Originally, I used this notebook to perform EDA with the intention of using the dataset only for classifying whether a reservation would cancel.

Now, as part of my efforts to revisit and revamp this overall repository and workflow, I am adapting it for broader uses, such as regression modeling and time series forecasting.

The end goal is to have a comprehensive overview of the data and to be flexible enough to handle different workflows.

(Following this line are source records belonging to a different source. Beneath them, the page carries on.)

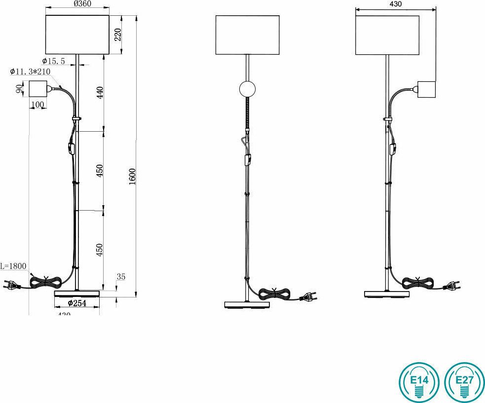 Φωτιστικό Επιδαπέδιο Υ160 εκ. Μέταλλο Υφασμα Μαύρο Trio Lighting RL Owen R40192002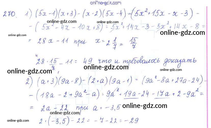 Готовые домашние задания по Алгебре за 7 класс Учебник Алимов, Колягин 2014 - §17. Умножение многочлена на многочлен Глава 3. Одночлены и многочлены 270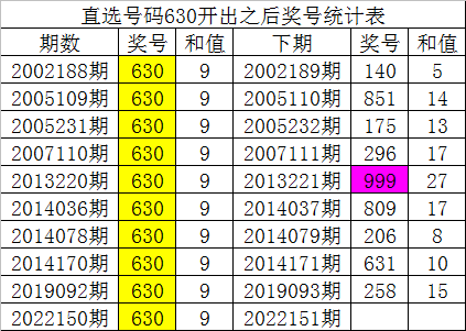 福彩3D第2022150期开出直选号码为:630,该直选号码历史上出现了10次,其下期分别开出了号码:140、851、175、296、999、809、206、631、258,如图: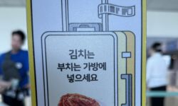 Am Flughafen wird darauf hingewiesen, Kimchi im Aufgabegepäck zu verstauen. Wer nimmt denn Kimchi mit nach Hause? Offenbar zu viele, noch dazu im Handgepäck. Verrückt.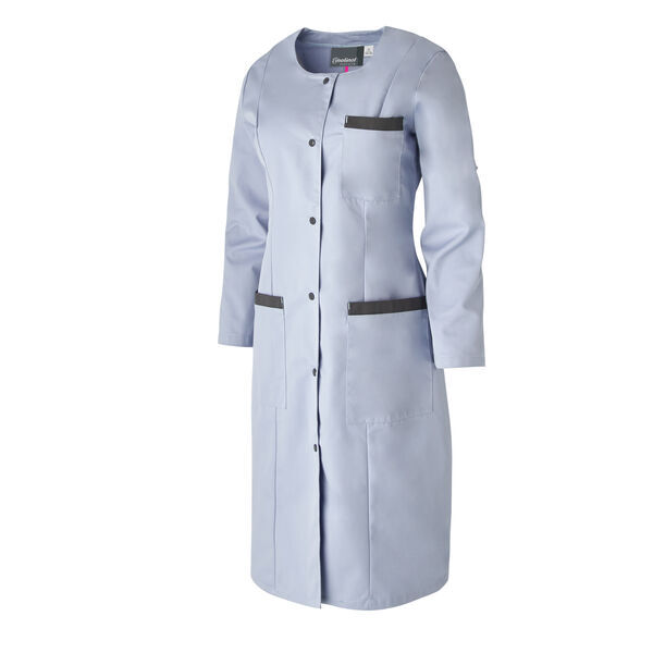 03MOLCAROLINEMT Blouse femme. Encolure ronde, Fermeture milieu par 6 pressions apparentes, Manches transformables, Fentes côtés, 1 poche poitrine sur devant gauche avec parement contrasté, 2 poches basses avec parements contrastés, Découpes bretelles devant et pinces dos. Longueur 105cm

**Warning: Work-in-Progress**

As this is a revamp of the original workbook, some of the code and comments may be outdated. I intend to update and clarify all steps in time, but there may be some parts that are out of place while I clean things up.

---

**Of Demand and Cancellations**

*This was the initial intro to the notebook with a focus on classification modeling.*

>**Every aspect of hospitality depends on accurately anticipating business demand**: how many rooms to clean; how many rooms are available to sell; what would be the best rate; and how to bring it all together to make every guest satisfied. 
>
> Proper forecasting is critical to every department and staff member, and to generate our forecasts, **hotel managers need to know how many guests will cancel prior to arrival**. Using data from two European hotels, I developed a model to predict whether a given reservation would cancel based on 30 different reservation details.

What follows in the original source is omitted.